Sherwood Anderson was born on September 13, 1876, in Camden, Ohio, and grew up in nearby Clyde. In 1898 he joined the U.S. Army and served in the Spanish-American War. In 1900 he enrolled in the Wittenberg Academy. The following year he moved to Chicago where he began a successful business career in advertising. Despite his business success, in 1912 Anderson walked away to pursue writing full time. His first novel was Windy McPherson's Son, published in 1916, and his second was Marching Men, published in 1917. The phenomenally successful Winesburg, Ohio, a collection of short stories about fictionalized characters in a small midwestern town, followed in 1919. Anderson wrote novels including The Triumph of the Egg, Poor White, Many Marriages, and Dark Laughter, but it was his short stories that made him famous. Through his short stories he revolutionized short fiction and altered the direction of the modern short story. He is credited with influencing such writers as William Faulkner, Ernest Hemingway and F. Scott Fitzgerald. Anderson died in March, 1941, of peritonitis suffered during a trip to South America. The epitaph he wrote for himself proclaims, "Life, not death, is the great adventure.
Charles E. Modlin is Professor of English at Virginia Polytechnic Institute and State University, where he has taught since 1968. He is the editor of Certain Things Last: The Selected Short Stories of Sherwood Anderson, Sherwood Anderson's Love Letters to Eleanor Copenhaver Anderson, Sherwood Anderson: Selected Letters, and co-editor of Sherwood Anderson: Centennial Studies. He is co-editor of The Winesburg Eagle (the newsletter of the Sherwood Anderson Society) and author of many articles related to Sherwood Anderson.

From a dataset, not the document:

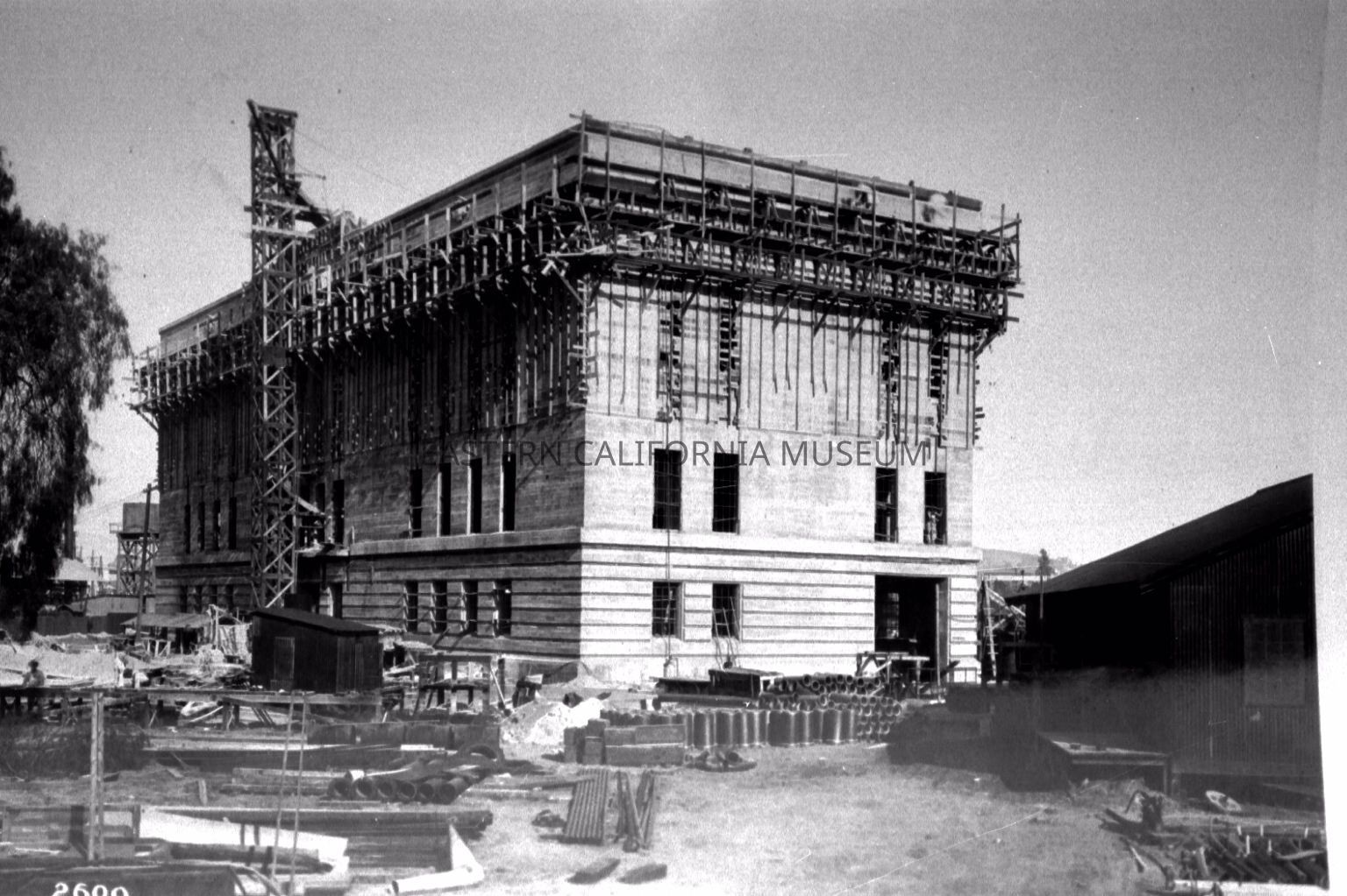 B & W digital scan of LADWP's San Francisquito Power Plant under construction. The plant would eventually generate electricity from the falling water of the LA Aqueduct. The plant was constructed by the Division of Aqueduct Power and Light.Collection

Ray Lewis White is Distinguished Professor of English at Illinois State University, where he has taught since 1968. He is the author of Gore Vidal and "Winesburg, Ohio": An Exploration. He has edited many books, including The Achievement of Sherwood Anderson, Sherwood Anderson's Memoirs, Sherwood Anderson/Gertrude Stein, and Sherwood Anderson's Secret Love Letters. His articles on various aspects of American literature have been widely published.